После полудня южный ветер стал стихать, и к вечеру сделался штиль. Ночью мы видели по берегу огни, вероятно разложенные дикими. Переменные тихие ветры нас задерживали, так что не прежде 6 апреля могли мы подойти к Порт-Джаксону и, по наступившему безветрию, бросили якорь у самого входа в залив, имея новый маяк в расстоянии двух миль. На следующий день, с осьми часов утра при северо-западном ветре и приливе, лавировали в залив и в третьем часу бросили якорь возле шлюпа «Восток».
IV. Порт-ДжаксонМы не успели еще стать на якорь, как достойнейший начальник экспедиции был уже на нашем шлюпе. Он пришел шестью днями раньше нас в Порт-Джаксон и объявил, что все офицеры и служители на его шлюпе, так, как и у нас, пользуются совершенным здоровьем.
Мы узнали от капитана Беллинсгаузена, что опасения наши за шлюп «Восток» во время бури между 8 и 10 марта были не напрасны: он действительно выдержал во льдах жесточайший шторм, и только одно провидение могло спасти его от гибели. Капитан Беллинсгаузен говорил, что 9 марта в эту бурю волны поднимались до высоты необычайной; на шлюпе «Восток» закрепили все паруса, а чтоб держать шлюп ближе к ветру, растянули на бизань-вантах несколько коек. По крайней мере утешались тем, что не видно было льдов.
Сидней при его возникновении
Старинная гравюра
Вдруг в 8 часов с баку закричали: «Лед впереди!» Это известие поразило всех ужасом, шлюп несся прямо на одну из льдин; тотчас подняли фок-стаксель и положили руль на ветер на борт; но все это не произвело никакого действия: льдина была уже весьма близко. Одну льдину пронесло под кормою, а другая находилась прямо против средины борта; все ожидали удара, которому надлежало последовать; по счастью, огромная волна, вышедшая из-под шлюпа, отодвинула льдину на несколько сажен и пронесла у самого подветренного штульца. Льдина эта могла проломить борт или отломить руслени и свалить мачты.

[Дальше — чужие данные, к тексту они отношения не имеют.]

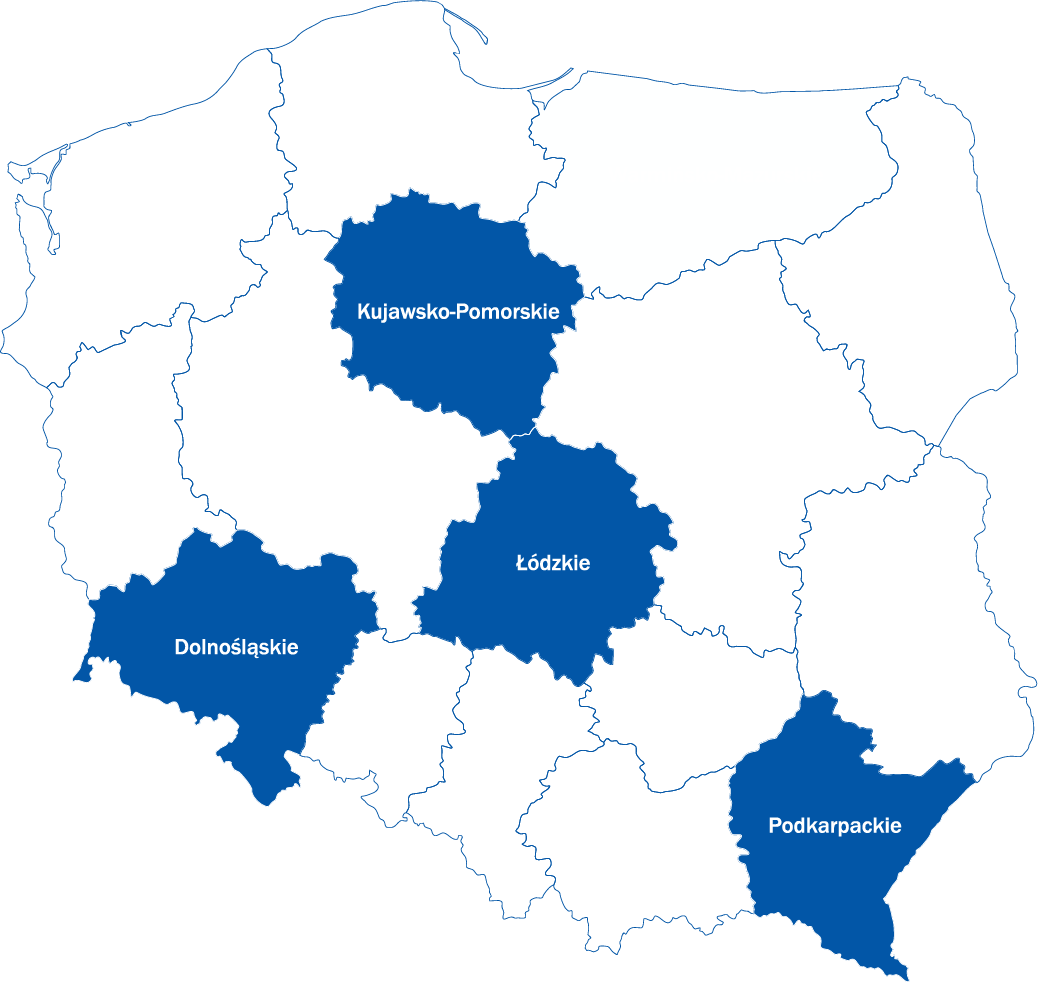 województwa: kujawsko-pomorskie, łódzkie, podkarpackie, dolnośląskie

Вскоре после того как бросили якорь, приезжал к нам капитан над портом Пайпер, любезный и веселый человек. Он слывет душою порт-джаксонского общества и тут же приглашал нас непременно посетить и обновить только что отстроенный загородный его дом. Свидание наше с офицерами шлюпа «Восток» доставило нам величайшее удовольствие.
Порт-джаксонский залив хорошо закрыт и так обширен, что может поместить целые флоты. На северной стороне залива, недалеко от того места, где шлюпы стояли на якоре, мы разбили свои палатки, перевезли туда лазарет, кузницу и все лишние материалы. Прежде всего капитан наш озаботился починкою форштевня. Шлюп «Мирный» введен был в маленькую бухту по западную сторону от Русского адмиралтейства – так называли мы место, где расположены были наши палатки, и поставлен во время прилива носом на песчаную отмель.

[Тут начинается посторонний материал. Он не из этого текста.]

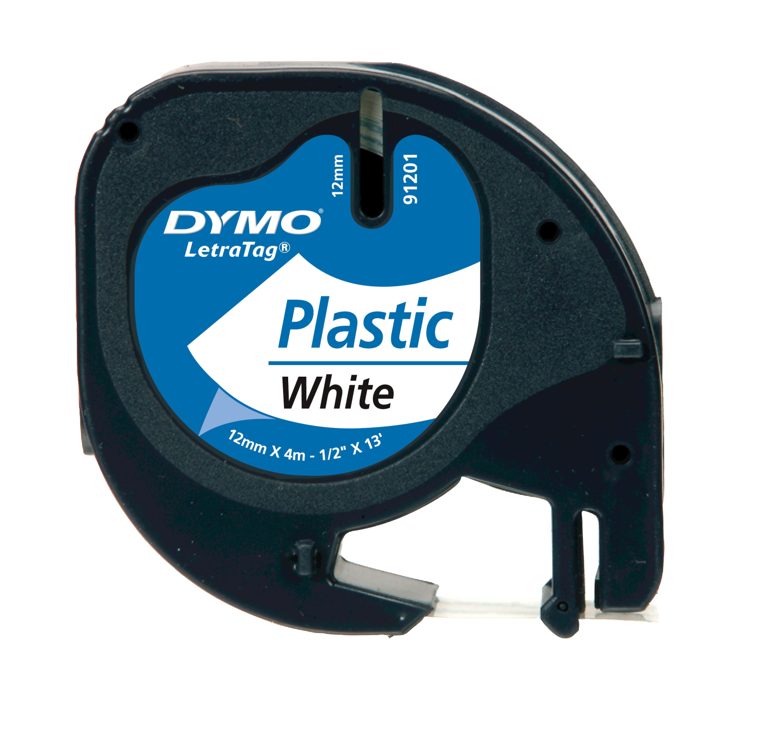 DYMO LetraTag Tape Plastic 12mm x 4m black on white

При отливе, когда поврежденное место вышло из воды, оказалось, что греф на 41/2 фута изломан в щепу. В три дня починка с помощью мастеровых шлюпа «Восток» была кончена, и «Мирный» оттянулся на прежнее свое место. Для починки употреблено было новоголландское мягкое дерево сидер, самое удобное для кораблестроения.
Главный город колонии, Сидней, находится в семи милях от входа в залив и выстроен на мысе, называемом Сиднейков. Хотя он и не расположен по правильному плану, но строения вообще красивы, улицы широки и опрятны; теперь считается в Сиднее даже более десяти тысяч жителей.

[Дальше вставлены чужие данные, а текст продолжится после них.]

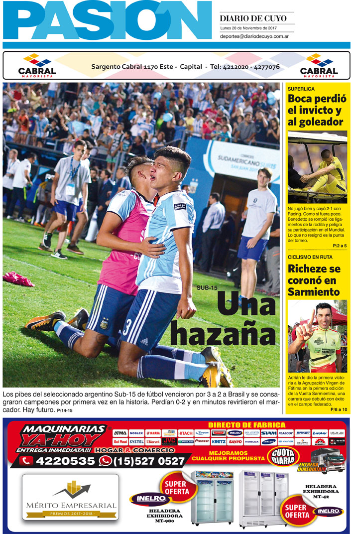Diario de Cuyo | HOME | Noticias | Tapa Pasión Tapa Pasión 20 de Noviembre de 2017 Por Redacción Diario de Cuyo 20/11/2017 · 0:00 Escuchar la noticia Escuchar la noticia Your browser doesn’t support HTML5 audio Tapa Pasión Ver los comentarios ›

Залив города Сидней, Австралия. Конец XIX в.
Фотография
Губернатор колонии, генерал Маквари, пригласил нас к обеду; он и жена его были очень внимательны к нам и гостеприимны.
16 апреля, по приглашению губернатора, оба капитана и многие из офицеров поехали в городок Парамату, находящийся в пятнадцати милях от Сиднея, на реке Парамате. Я ехал в гичке; дорога в Парамату прекрасная: везде возделанные поля, красивые загородные домики с рощицами и садами; самый город невелик, но чист и красив.
В Парамате мы прожили три дня и возвратились кто рекою, а кто сухим путем в Порт-Джаксон.
Любимою моею прогулкою были леса новоголландские. Часто с раннего утра, завернув прежде в наше адмиралтейство и посетив палатку Ивана Михайловича Симонова, нашего ученого, образованнейшего и достойнейшего астронома, которого невозможно не любить, кто только его узнает, я отправлялся с карманным компасом на многие мили в чащу леса, идущего от нашего адмиралтейства или от бухты, в которой стоял наш шлюп для починки. По узкой, иногда непроходимой тропинке, чрез камни, чрез кустарники, из которых выползали шипучие змеи, я пролагал путь далее и далее. Чем более было опасностей, тем более молодому человеку доставляла удовольствие прогулка. Сколько новых деревьев, растений, цветов, птиц привлекали на себя внимание! В лесу часто попадались и дикие, вооруженные длинными пиками из стебля смолистого дерева (gummy plant), но я их не боялся, потому что за бутылку рома пользовался дружбою начальника диких Бонгари. У него на груди висела на медной красной цепочке медная бляха с надписью «Bongaree, chief of the Brocken-bay tribe 1815», а жена его, старуха, вымазанная рыбьим жиром, – олицетворенное безобразие, встречаясь в лесу, всегда требовала, чтоб с нею целовались. Усталый, измученный, но полный приятных впечатлений, возвращался я иногда поздно вечером на шлюп.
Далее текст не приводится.